SOURCE DATA:
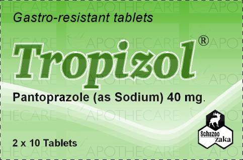 Product Name: TROPIZOLE Tab 40mg 2x10'sProduct Form: TabletsPack Size: 2x10'sMarketed By: SCHAZOO ZAKA (PVT) LTDGeneric Category: ANTI-ULCERANTIngredients: Pantoprazole Sodium
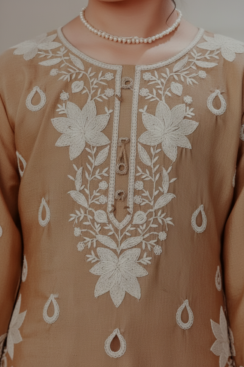 This is a perfect example of Modern-Traditional fusion. While the silhouette (Patiala) is very traditional, the monochromatic color scheme fawn is contemporary and elegant, making it suitable for weddings, festive celebrations, or formal events.
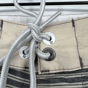 Billabong Striped Tropical Colorblocked Drawstring Tie Pocket Pull On Swim Trunks
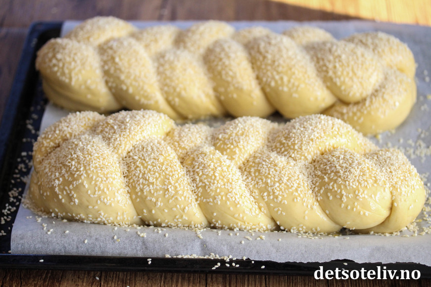 Visp egg sammen med litt melk og pensle over de hevede flettebrødene. Dryss over rikelig med sesamfrø.
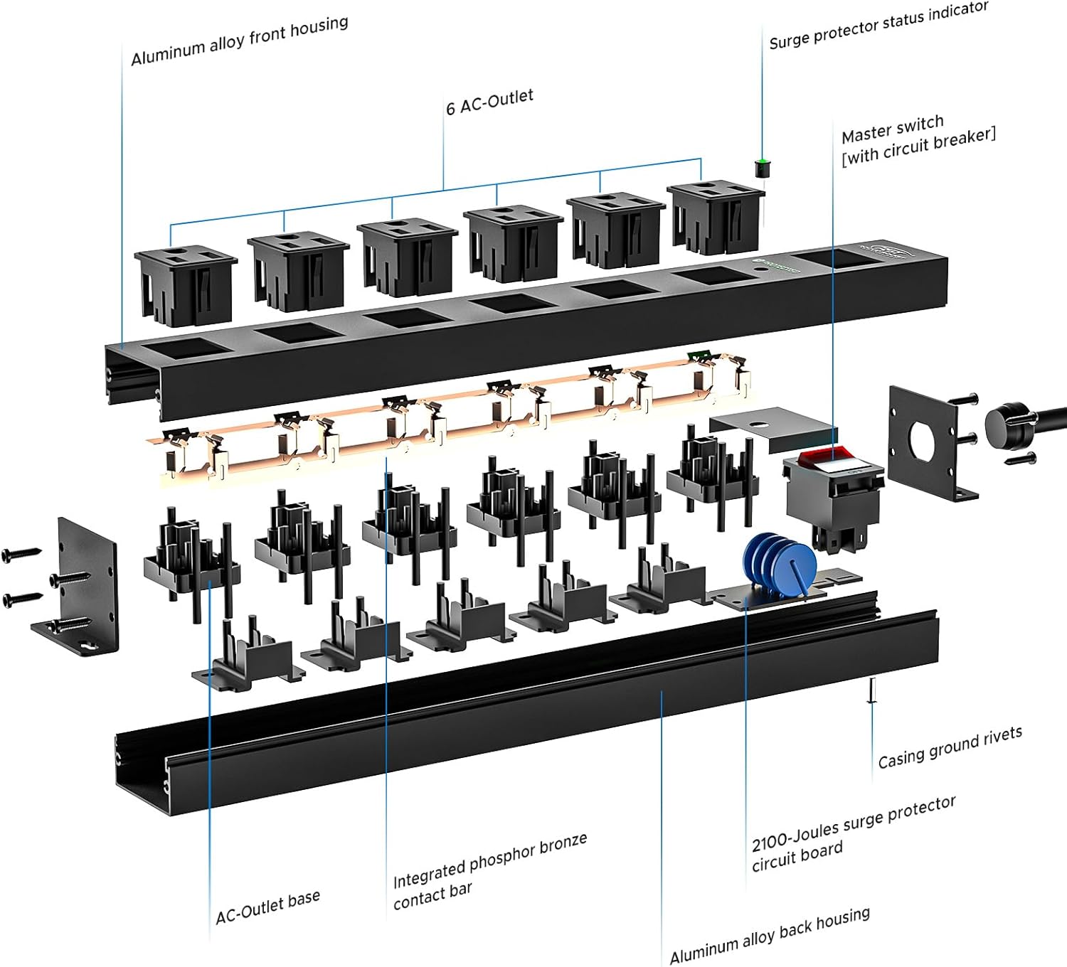 - [Metal Heavy Duty] Heavy duty power strip with 1.5mm extra-thick aluminum alloy housing and reinforced engineering plastic covers make it extremely strong and durable. The 6 outlet power strip is equipped with a sturdy 6ft cord, allowing convenient placement of the metal power strip in locations far from the power source without worrying about the cable being too short. And 15AMP/14AWG SJT grade wire supports up to 125V/1875W of power.
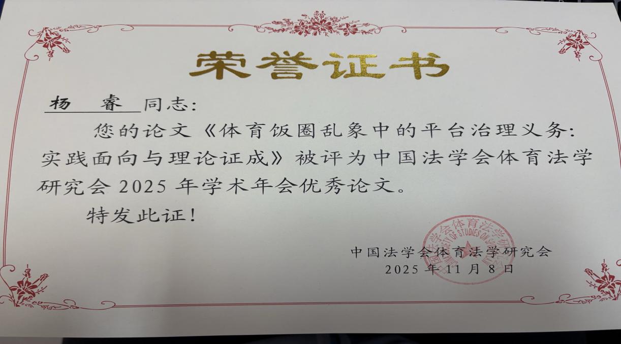 High漫画 High漫画 2024级博士研究生杨睿受邀参加了本次年会。其撰写的论文《体育饭圈乱象中的平台治理义务:实践面向与理论证成》获评年会“优秀论文”。会议期间,杨睿在分论坛就该选题进行了学术汇报。
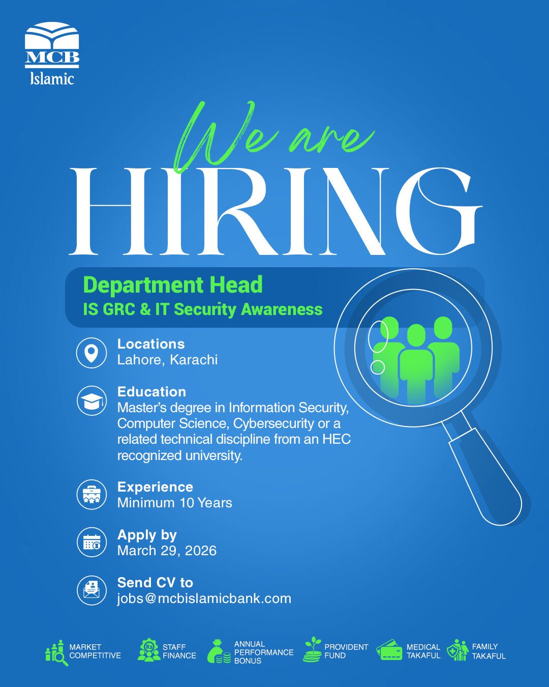 MCB Islamic Bank is inviting applications for the position of Department Head – IS GRC & IT Security Awareness. Join our growing team to drive business growth and deliver exceptional customer satisfaction.
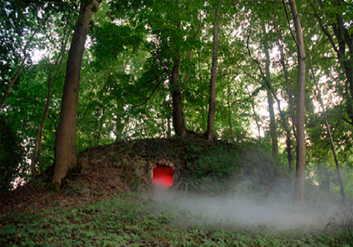 AV-Installation „Rites de passage II – The cave“ von Sabine LinseIntervention und Filminstallation am Eiskeller Gut Hemmelmark (Barkelsby, Kreis Rendsburg-Eckernförde, SH) Ein Projekt der Gesellschaft für zeitgenössische Konzepte e.V. Eröffnung: 8. August 2015, 17 Uhr Begrüßung: Verena Voigt M.A., Gesellschaft für zeitgenössische Konzepte e.V. Einführung: Arne Sommer, Leiter der Filmwerkstatt Kiel Sabine Linse: „Rites de passage II – The cave“ Rites de passage – Übergangsriten. Der Verweis auf das 1909 erschienene Buch „Les rites de passage“ des französischen Ethnologen Arnold van Gennep (1873-1957) webt sich wie ein unsichtbarer Faden in das Kunstprojekt von Sabine Linse ein. In dem magisch-wuchernden Bildkosmos der Berliner Künstlerin scheinen sich unbekannte Rituale zu vollziehen, die sich einer rationalen Ableitung entziehen und eher animistischen Naturereignissen gleichen. Irgendetwas, dessen Erklärung man irgendwie verpasst hat, das aber Abstand und Respekt verlangt, scheint sich stets in die inszenierten Bildgeschehen einzuschleichen und die ästhetische Wahrnehmung auf sich zu ziehen und magisch zu binden, den Betrachter zu verzaubern. Sabine Linse holt weit aus. Mit ihrer Intervention an diesem entlegenen Ort, irgendwo in Schleswig-Holstein, am Eiskeller von Gut Hemmelmark in Barkelsby, unweit von ihrem Geburtsort Eckernförde, greift sie auf ein spätmittelalterliches Gemälde zurück: das „Jüngste Gericht“ (1485-1505) von Hieronymus Bosch. In der unteren Hälfte der rechten Tafel des Triptychons befindet sich der Eingang zur Hölle, den der Weltenrichter für die Sünder und Verdammten reserviert hat. Im Rahmen ihrer Beschäftigung mit dem Eiskeller auf Gut Hemmelmark hat Sabine Linse eine assoziative Identifikation des Eiskellerhöhleneingangs mit dem zur Schwelle der Neuzeit von Bosch entstandenen Endszenarios vorgenommen und gedanklich mit den Analysen des Ethnologen van Gennep verbunden. Während van Gennep die Übergangsriten als Mechanismus aus Trennungsriten, Schwellen- oder Umwandlungsriten und Angliederungsriten begreift, konzentriert sich Sabine Linse in ihrem Konzept auf die Übergangsphasen. Die Licht-Nebel-Sound-Installation verwandelt den Eingangsbereich des Eiskellers zu einem unbetretbaren Ort der Transformation. Im Gang des Eiskellers sorgen eine Nebelmaschine und Rotlichter dafür, dass man nicht ins Innere des Berges sehen kann. Der Nebel dringt mal mehr, mal weniger nach außen und wird vom Wind durch die Landschaft getragen. Der Eiskeller auf Gut Hemmelmark gehört zu den wenigen Eiskellern, die in ihrer Form noch erhalten sind. Sein Inneres ist nicht betretbar. Ein Sturm hatte einst das Gewölbe zum Einsturz gebracht. Übrig geblieben sind der bauchige Hügel und das Eingangstor des historischen Gemäuers. Die „Schwelle“ wird zum Schauplatz einer ungreifbaren Intervention, die filmisch festgehalten wird. ![]() Sabine Linse: „Rites de passage II – The cave“, Installationsansicht, Eiskeller Gut Hemmelmark, 2014 (Foto: Sabine Linse)Während der ersten Begehungen in Hemmelmark wimmelte es vor Fröschen. Zeitgleich beschäftigte sich die Künstlerin mit der manieristischen Bildvorlage des Hieronymus Bosch und identifizierte nicht nur die Form des Eingangsportals, sondern auch das Froschornament im Höllentorbogen des „Jüngsten Gerichts“. In der Ontogenese des Froschs scheint symbolisch die wandlungsfähige Urschicht im Menschen eingeschrieben. Wiederholt er doch in seiner phylogenetischen Entwicklung den Übergang vom Wasser- zum Landtier, vollzieht damit einen Dimensionssprung und wird damit zu einem Musterbeispiel gelungener Transformation. Die subtile (künstliche) Soundkulisse, das sich wiederholende, fast monotone Quaken der Frösche, erzeugt eine fast einschläfernde meditative Atmosphäre. Im Kontext der Übergangsriten scheint das passende Symbol mutiger Absicherungen transformativer Lebensphasen gefunden. Am 8. August 2015 wird dieses Szenario einmalig uraufgeführt. Dokumentiert wird die Installation in einem Kunstvideo. Die Künstlerin schreibt zur filmischen Transformation: „Die Blende ist so eingestellt, dass zu Beginn der Abenddämmerung die Landschaft ’normal‘ hell zu sehen ist, im Laufe der Dämmerung wird sie immer dunkler. Einzige Konstante ist das rote Licht, also der innere Bereich des Berges, der sich dem Auge entzieht und der Imagination damit freien Raum lässt. Bei beiden Videos (Winter wie Sommer) handelt es sich um jeweils eine Einstellung. Es entsteht somit eine Art Fotografie, der man die Zeit zurückgegeben hat. In beiden Sequenzen werden die Zeiten der Dämmerung bis zur absoluten Dunkelheit dokumentiert wird. Morgen- und Abenddämmerung werden direkt aneinander gehängt und als Loop geschnitten, so dass eine surreale Dokumentation des Ortes entsteht. In der Fokussierung allein auf die Lichtveränderungen gibt es weder Tag noch Nacht, sondern nur unterschiedliche Qualitäten der Dämmerung. Als Zeit des Übergangs ist sie auch eine Zeit zwischen den Welten und damit des Eintritts mythischer, magischer Vorgänge.“ Der eingestürzte Eiskeller auf Gut Hemmelmark wird damit zu einem idealen Reflexionsort für Transformationsprozesse. Die Gesellschaft für zeitgenössische Konzepte e.V. entwickelt seit 2012 ortsbezogene Kunstprojekte in historischen Eiskellern in Schleswig-Holstein (siehe Publikation „Eiskeller & Himmelslöcher“, Revolver Publishing, 2014). Als Laboratorien für künstlerische Experimente werden die z.T. verfallenen Gemäuer zu diskursiven „Klimastationen“, die das vergessene Architekturdenkmal mit philosophischen, gesellschaftlichen und wissenschaftlichen Zukunftsfragen verbinden. Sabine Linse hat in Berlin und Barcelona studiert; sie war Meisterschülerin von Rebecca Horn und u.a. durch das Else-Heiliger-Stipendium gefördert. Ihre Produktionen wurden in zahlreichen Einzel- und Gruppenausstellungen international präsentiert, sowie durch diverse Stipe

TASK ITEM: Pictures should be skipped, and the records retyped word for word.

EXERCISE ANSWER:
 Product Name: TROPIZOLE Tab 40mg 2x10'sProduct Form: TabletsPack Size: 2x10'sMarketed By: SCHAZOO ZAKA (PVT) LTDGeneric Category: ANTI-ULCERANTIngredients: Pantoprazole Sodium
 This is a perfect example of Modern-Traditional fusion. While the silhouette (Patiala) is very traditional, the monochromatic color scheme fawn is contemporary and elegant, making it suitable for weddings, festive celebrations, or formal events.
 Billabong Striped Tropical Colorblocked Drawstring Tie Pocket Pull On Swim Trunks
 Visp egg sammen med litt melk og pensle over de hevede flettebrødene. Dryss over rikelig med sesamfrø.
 - [Metal Heavy Duty] Heavy duty power strip with 1.5mm extra-thick aluminum alloy housing and reinforced engineering plastic covers make it extremely strong and durable. The 6 outlet power strip is equipped with a sturdy 6ft cord, allowing convenient placement of the metal power strip in locations far from the power source without worrying about the cable being too short. And 15AMP/14AWG SJT grade wire supports up to 125V/1875W of power.
 High漫画 High漫画 2024级博士研究生杨睿受邀参加了本次年会。其撰写的论文《体育饭圈乱象中的平台治理义务:实践面向与理论证成》获评年会“优秀论文”。会议期间,杨睿在分论坛就该选题进行了学术汇报。
 MCB Islamic Bank is inviting applications for the position of Department Head – IS GRC & IT Security Awareness. Join our growing team to drive business growth and deliver exceptional customer satisfaction.
 AV-Installation „Rites de passage II – The cave“ von Sabine LinseIntervention und Filminstallation am Eiskeller Gut Hemmelmark (Barkelsby, Kreis Rendsburg-Eckernförde, SH) Ein Projekt der Gesellschaft für zeitgenössische Konzepte e.V. Eröffnung: 8. August 2015, 17 Uhr Begrüßung: Verena Voigt M.A., Gesellschaft für zeitgenössische Konzepte e.V. Einführung: Arne Sommer, Leiter der Filmwerkstatt Kiel Sabine Linse: „Rites de passage II – The cave“ Rites de passage – Übergangsriten. Der Verweis auf das 1909 erschienene Buch „Les rites de passage“ des französischen Ethnologen Arnold van Gennep (1873-1957) webt sich wie ein unsichtbarer Faden in das Kunstprojekt von Sabine Linse ein. In dem magisch-wuchernden Bildkosmos der Berliner Künstlerin scheinen sich unbekannte Rituale zu vollziehen, die sich einer rationalen Ableitung entziehen und eher animistischen Naturereignissen gleichen. Irgendetwas, dessen Erklärung man irgendwie verpasst hat, das aber Abstand und Respekt verlangt, scheint sich stets in die inszenierten Bildgeschehen einzuschleichen und die ästhetische Wahrnehmung auf sich zu ziehen und magisch zu binden, den Betrachter zu verzaubern. Sabine Linse holt weit aus. Mit ihrer Intervention an diesem entlegenen Ort, irgendwo in Schleswig-Holstein, am Eiskeller von Gut Hemmelmark in Barkelsby, unweit von ihrem Geburtsort Eckernförde, greift sie auf ein spätmittelalterliches Gemälde zurück: das „Jüngste Gericht“ (1485-1505) von Hieronymus Bosch. In der unteren Hälfte der rechten Tafel des Triptychons befindet sich der Eingang zur Hölle, den der Weltenrichter für die Sünder und Verdammten reserviert hat. Im Rahmen ihrer Beschäftigung mit dem Eiskeller auf Gut Hemmelmark hat Sabine Linse eine assoziative Identifikation des Eiskellerhöhleneingangs mit dem zur Schwelle der Neuzeit von Bosch entstandenen Endszenarios vorgenommen und gedanklich mit den Analysen des Ethnologen van Gennep verbunden. Während van Gennep die Übergangsriten als Mechanismus aus Trennungsriten, Schwellen- oder Umwandlungsriten und Angliederungsriten begreift, konzentriert sich Sabine Linse in ihrem Konzept auf die Übergangsphasen. Die Licht-Nebel-Sound-Installation verwandelt den Eingangsbereich des Eiskellers zu einem unbetretbaren Ort der Transformation. Im Gang des Eiskellers sorgen eine Nebelmaschine und Rotlichter dafür, dass man nicht ins Innere des Berges sehen kann. Der Nebel dringt mal mehr, mal weniger nach außen und wird vom Wind durch die Landschaft getragen. Der Eiskeller auf Gut Hemmelmark gehört zu den wenigen Eiskellern, die in ihrer Form noch erhalten sind. Sein Inneres ist nicht betretbar. Ein Sturm hatte einst das Gewölbe zum Einsturz gebracht. Übrig geblieben sind der bauchige Hügel und das Eingangstor des historischen Gemäuers. Die „Schwelle“ wird zum Schauplatz einer ungreifbaren Intervention, die filmisch festgehalten wird. ![]() Sabine Linse: „Rites de passage II – The cave“, Installationsansicht, Eiskeller Gut Hemmelmark, 2014 (Foto: Sabine Linse)Während der ersten Begehungen in Hemmelmark wimmelte es vor Fröschen. Zeitgleich beschäftigte sich die Künstlerin mit der manieristischen Bildvorlage des Hieronymus Bosch und identifizierte nicht nur die Form des Eingangsportals, sondern auch das Froschornament im Höllentorbogen des „Jüngsten Gerichts“. In der Ontogenese des Froschs scheint symbolisch die wandlungsfähige Urschicht im Menschen eingeschrieben. Wiederholt er doch in seiner phylogenetischen Entwicklung den Übergang vom Wasser- zum Landtier, vollzieht damit einen Dimensionssprung und wird damit zu einem Musterbeispiel gelungener Transformation. Die subtile (künstliche) Soundkulisse, das sich wiederholende, fast monotone Quaken der Frösche, erzeugt eine fast einschläfernde meditative Atmosphäre. Im Kontext der Übergangsriten scheint das passende Symbol mutiger Absicherungen transformativer Lebensphasen gefunden. Am 8. August 2015 wird dieses Szenario einmalig uraufgeführt. Dokumentiert wird die Installation in einem Kunstvideo. Die Künstlerin schreibt zur filmischen Transformation: „Die Blende ist so eingestellt, dass zu Beginn der Abenddämmerung die Landschaft ’normal‘ hell zu sehen ist, im Laufe der Dämmerung wird sie immer dunkler. Einzige Konstante ist das rote Licht, also der innere Bereich des Berges, der sich dem Auge entzieht und der Imagination damit freien Raum lässt. Bei beiden Videos (Winter wie Sommer) handelt es sich um jeweils eine Einstellung. Es entsteht somit eine Art Fotografie, der man die Zeit zurückgegeben hat. In beiden Sequenzen werden die Zeiten der Dämmerung bis zur absoluten Dunkelheit dokumentiert wird. Morgen- und Abenddämmerung werden direkt aneinander gehängt und als Loop geschnitten, so dass eine surreale Dokumentation des Ortes entsteht. In der Fokussierung allein auf die Lichtveränderungen gibt es weder Tag noch Nacht, sondern nur unterschiedliche Qualitäten der Dämmerung. Als Zeit des Übergangs ist sie auch eine Zeit zwischen den Welten und damit des Eintritts mythischer, magischer Vorgänge.“ Der eingestürzte Eiskeller auf Gut Hemmelmark wird damit zu einem idealen Reflexionsort für Transformationsprozesse. Die Gesellschaft für zeitgenössische Konzepte e.V. entwickelt seit 2012 ortsbezogene Kunstprojekte in historischen Eiskellern in Schleswig-Holstein (siehe Publikation „Eiskeller & Himmelslöcher“, Revolver Publishing, 2014). Als Laboratorien für künstlerische Experimente werden die z.T. verfallenen Gemäuer zu diskursiven „Klimastationen“, die das vergessene Architekturdenkmal mit philosophischen, gesellschaftlichen und wissenschaftlichen Zukunftsfragen verbinden. Sabine Linse hat in Berlin und Barcelona studiert; sie war Meisterschülerin von Rebecca Horn und u.a. durch das Else-Heiliger-Stipendium gefördert. Ihre Produktionen wurden in zahlreichen Einzel- und Gruppenausstellungen international präsentiert, sowie durch diverse Stipe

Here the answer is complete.